Teacher supply and retention is an ongoing challenge for all schools. The 2016 School Workforce Census (SWC) states that for secondary schools, the percentage of schools that have at least one advertised vacancy or temporarily-filled post rose from 23 per cent in 2015 to 27 per cent in 2016 (DfE 2017a). These national patterns do not reflect the extent of local and regional differences in teacher demand and supply, with more acute challenges in certain areas, schools and subjects - particularly maths, physics and modern foreign languages (NAO, 2016; DfE 2016a). Whilst the vast majority of teachers by schools are recruited from England, schools may also recruit teachers from overseas as a solution to filling teacher vacancies, including in shortage subjects.

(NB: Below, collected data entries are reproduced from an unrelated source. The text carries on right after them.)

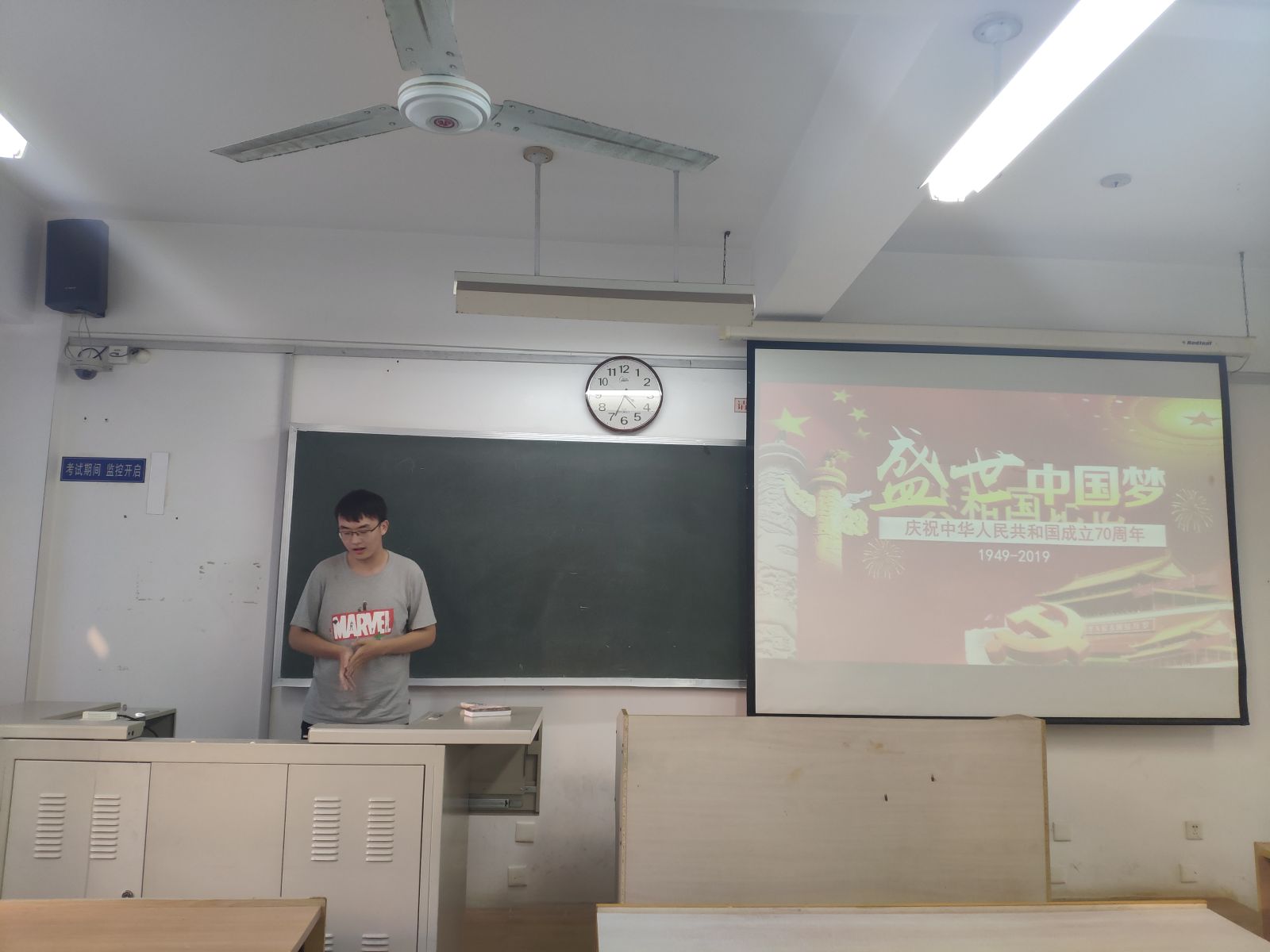本站讯 2019年9月27日下午五点, 2018级统计一班团支部于图东教学楼216举行“盛世中国梦”庆祝新中国成立七十周年主题团日活动。本次主题团日活动由班长祁龙康主持,杨丰凯老师出席本次活动。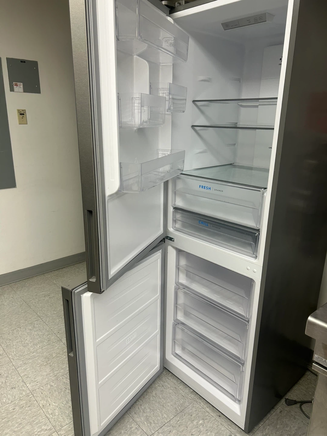 Selling a Frigidaire fridge with a stainless steel finish. It has a bottom freezer and adjustable shelves inside. Great for any kitchen!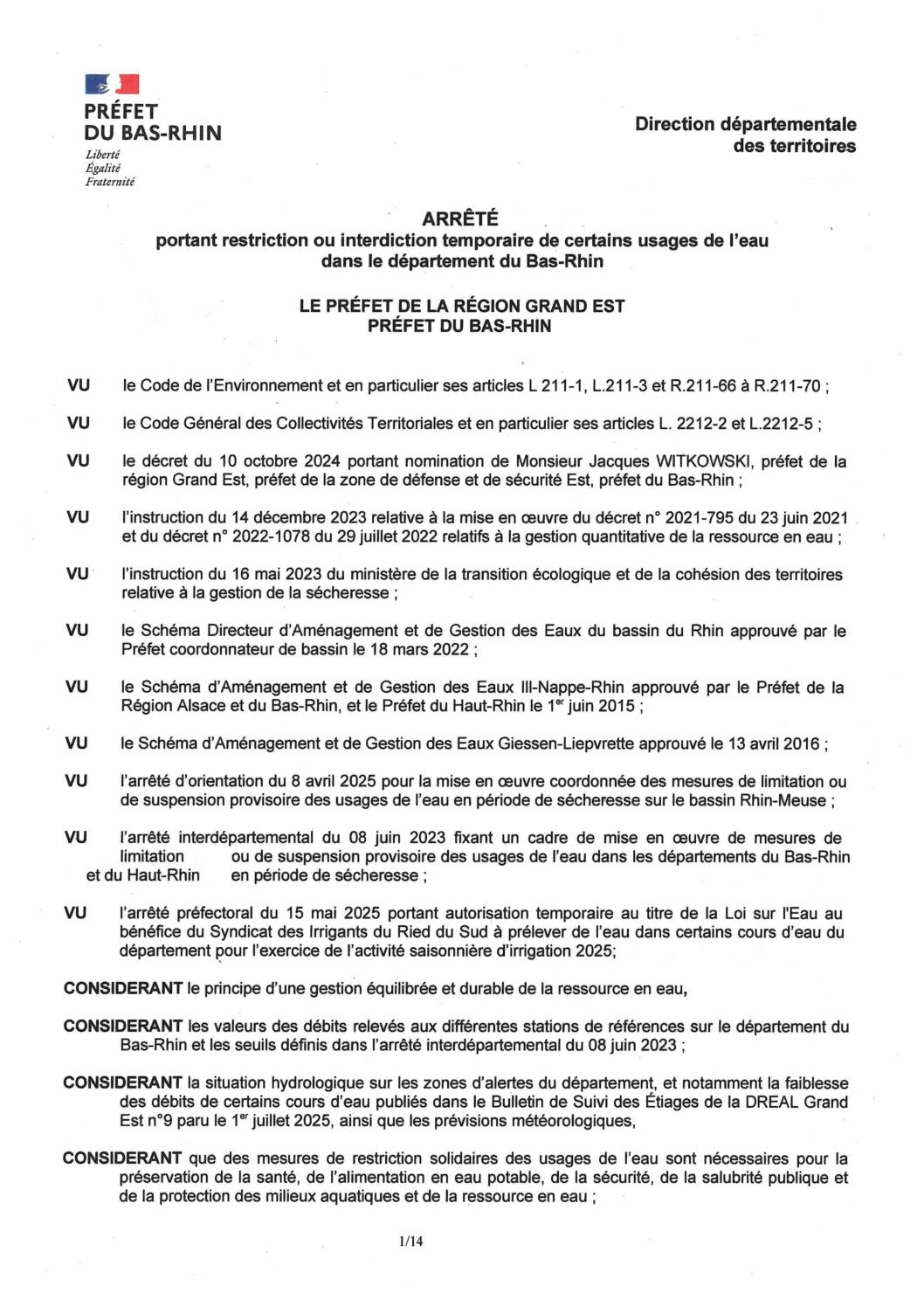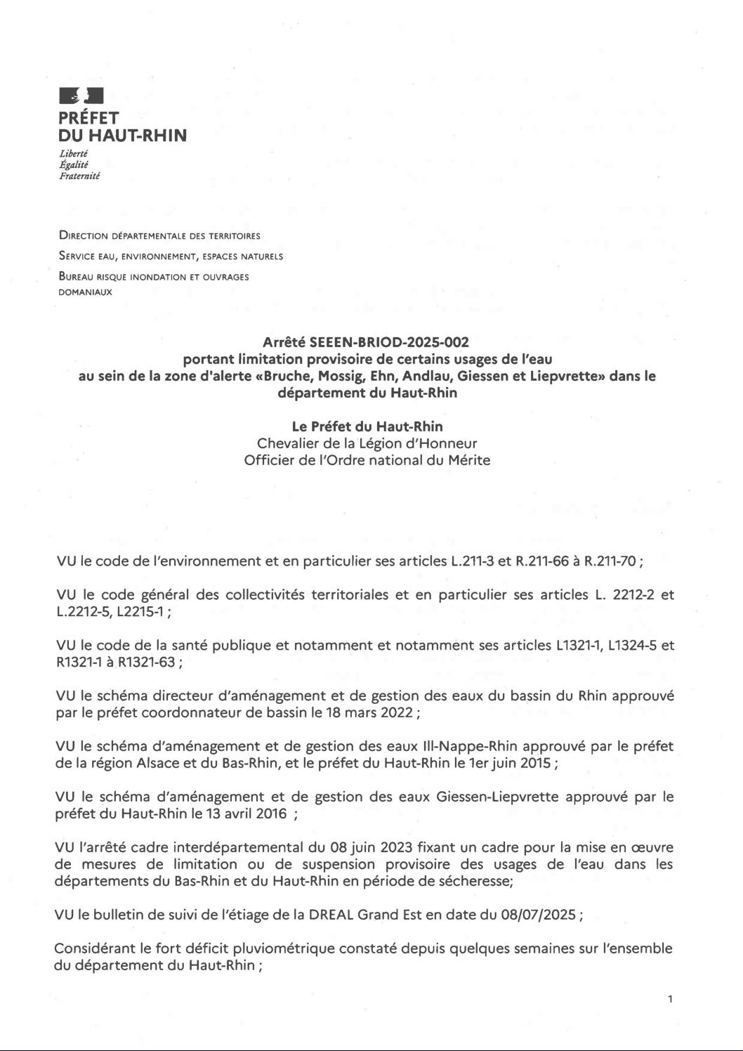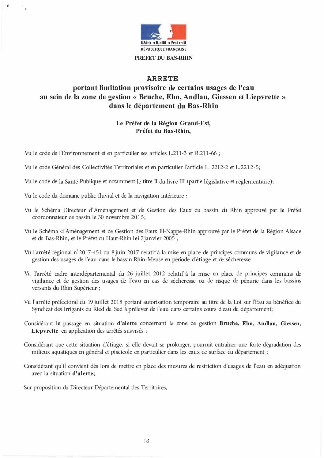 Arrêté préfectoral – Restriction ou interdiction temporaire de certains usages de l’eau dans le département du Bas-Rhin 02/07/2025

In November 2016, Sheffield Hallam University and the University of Brighton were commissioned by the Department for Education (DfE) to research schools' approaches to recruiting teachers from abroad, their motivations, behaviours and the perceived benefits and barriers to recruiting internationally. More specifically, the research aimed to help inform decisions on how the DfE might support the recruitment of international STEM and MFL teachers, and to identify key principles for the design and delivery of international recruitment initiatives.

Layman's description

Key findings fell under five headings as well as recommendations for further research and consultation:

> School leaders' decision making around international teacher recruitment

> Schools' practices and processes around international teacher recruitment

> Quality, outcomes and retention

> School support for international teachers

> Experiences of international teachers

In explaining their decision making around teacher recruitment – and international recruitment in particular – all interviewees acknowledged that teacher recruitment was either already challenging, or was likely to become more difficult in the near future. Most school leaders who had recruited internationally in the last three years described doing so as a necessary 'last resort' or an additional strategy for overcoming the local shortage of teachers, as opposed to being a desirable option. Concerns were raised around the perceived effectiveness of international teacher recruits and their ability to adapt quickly to the demands of the English teaching context. Most school leaders felt strongly that they should not need to recruit international teachers and that more should be done to ensure a sufficient supply of nationally based teachers, including taking steps to improve the retention of existing teachers.

International teachers were often contracted on a daily/supply basis through the agency for the first year. Although more costly for the school, the opportunity to terminate the contract on either side was seen as advantageous. Schools also offered fixed term or permanent contracts for recruits, depending on their requirements and confidence in the suitability of the candidate.

Assessing the quality of international recruits was described as difficult as interviews were often conducted via Skype or telephone, rather than face-to-face, and there was often no opportunity to observe candidates teach a lesson.

When asked to identify the advantages, some school leaders reported that international recruits brought different perspectives and experiences to the school, which helped to diversify the staff profile, introduce new content and texts to subjects, and broaden students’ horizons. However, these were perceived as secondary positive outcomes, rather than the primary motivators for recruiting teachers from abroad.

In general, school leaders considered that international recruits often took a long time to acclimatise to living and working in England, and needed significant support to successfully manage the demands of their teaching role, and to settle into living in England. In particular, they needed support in familiarising themselves with the content of curriculum/subject areas and examination syllabi, expectations around the planning, assessment and target setting, pedagogical approaches favoured by the school, safeguarding, and other school policies.

Experience of the QTS application process was largely positive although a lack of information/guidance on the application process was the most frequently cited barrier to working as a teacher in England. The most common reasons for leaving teaching in England were 'negative experience of English schools' and 'unsatisfactory pay and conditions'.